Problem to work on: For this item, repeat the material exactly while omitting its pictures.

Available data:
↓
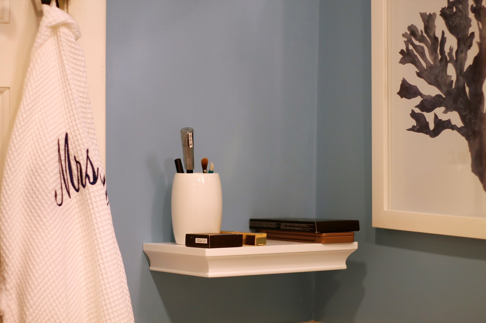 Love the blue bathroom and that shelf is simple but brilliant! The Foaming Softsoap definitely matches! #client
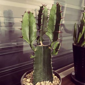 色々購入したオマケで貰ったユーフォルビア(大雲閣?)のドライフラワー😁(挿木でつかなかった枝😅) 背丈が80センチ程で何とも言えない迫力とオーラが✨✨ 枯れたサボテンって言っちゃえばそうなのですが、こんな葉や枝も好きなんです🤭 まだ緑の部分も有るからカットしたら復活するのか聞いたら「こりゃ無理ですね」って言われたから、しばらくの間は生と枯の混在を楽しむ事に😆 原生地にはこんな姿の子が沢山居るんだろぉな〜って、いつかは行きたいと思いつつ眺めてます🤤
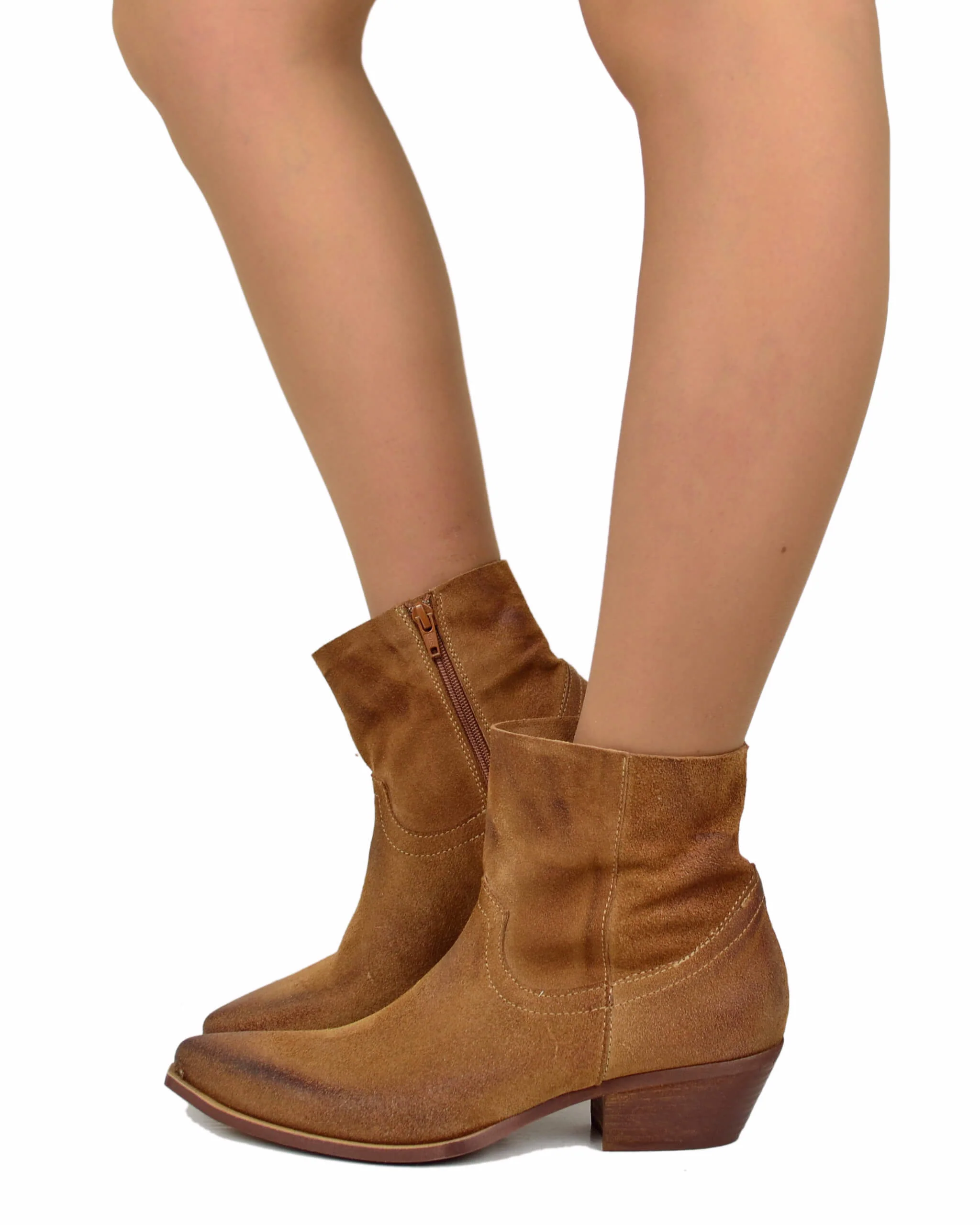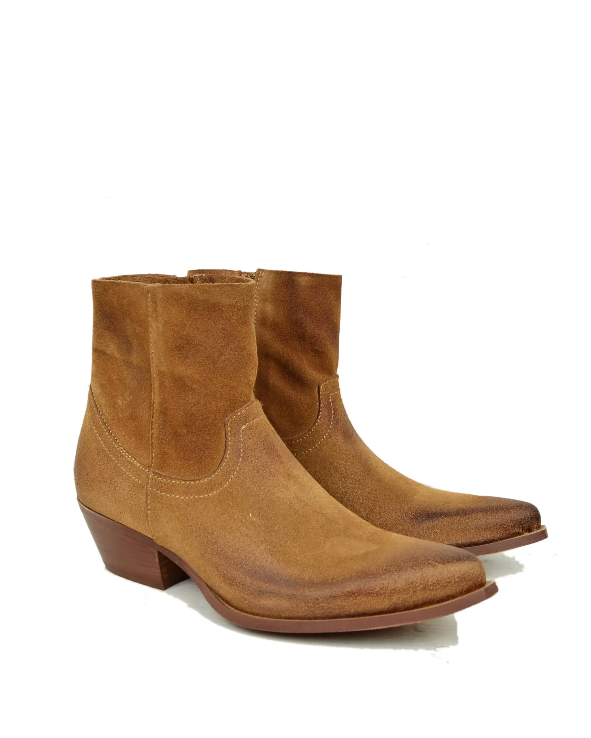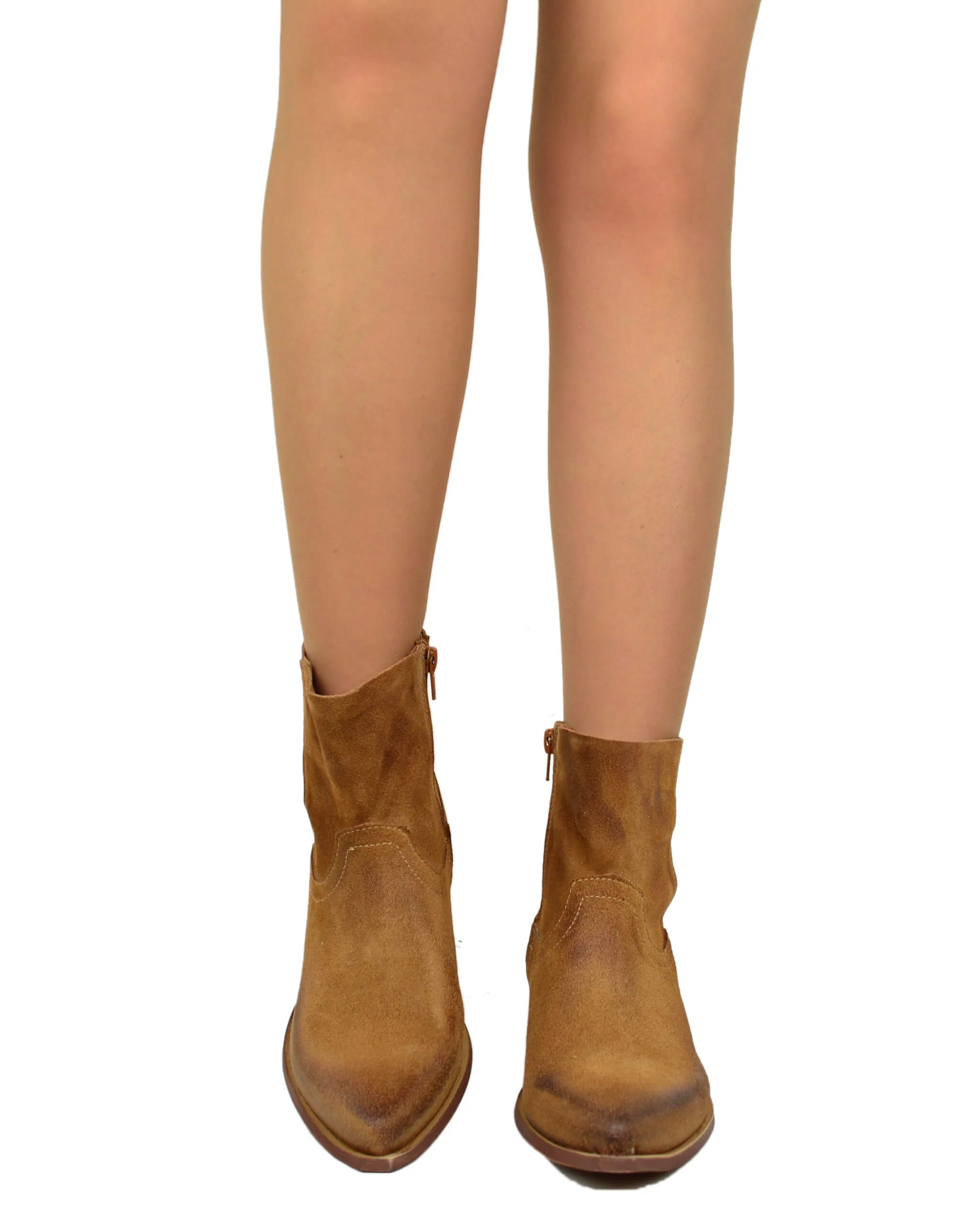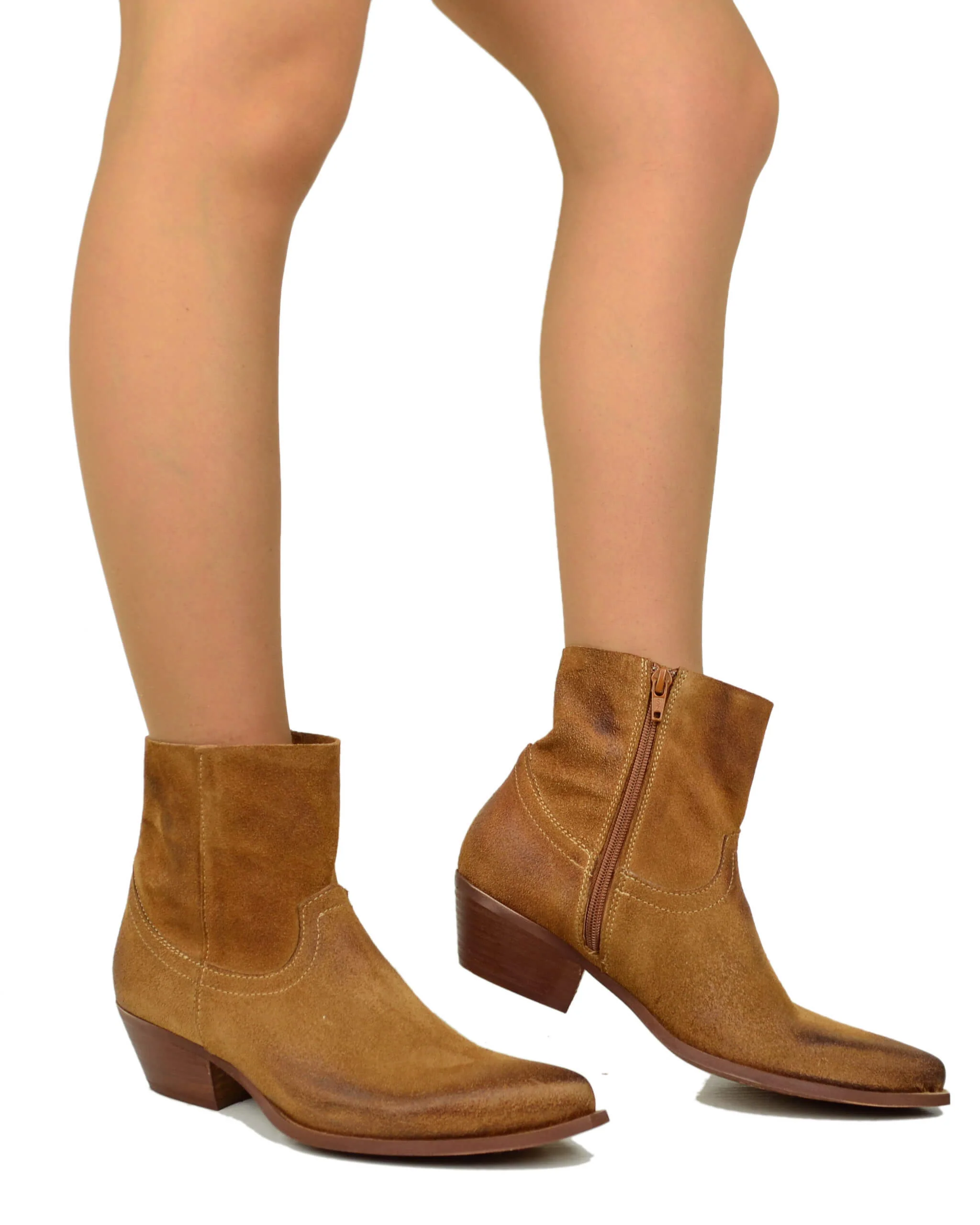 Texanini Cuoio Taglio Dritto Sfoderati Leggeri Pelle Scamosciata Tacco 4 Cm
↑
Answer box:
 Love the blue bathroom and that shelf is simple but brilliant! The Foaming Softsoap definitely matches! #client
 色々購入したオマケで貰ったユーフォルビア(大雲閣?)のドライフラワー😁(挿木でつかなかった枝😅) 背丈が80センチ程で何とも言えない迫力とオーラが✨✨ 枯れたサボテンって言っちゃえばそうなのですが、こんな葉や枝も好きなんです🤭 まだ緑の部分も有るからカットしたら復活するのか聞いたら「こりゃ無理ですね」って言われたから、しばらくの間は生と枯の混在を楽しむ事に😆 原生地にはこんな姿の子が沢山居るんだろぉな〜って、いつかは行きたいと思いつつ眺めてます🤤
 Texanini Cuoio Taglio Dritto Sfoderati Leggeri Pelle Scamosciata Tacco 4 Cm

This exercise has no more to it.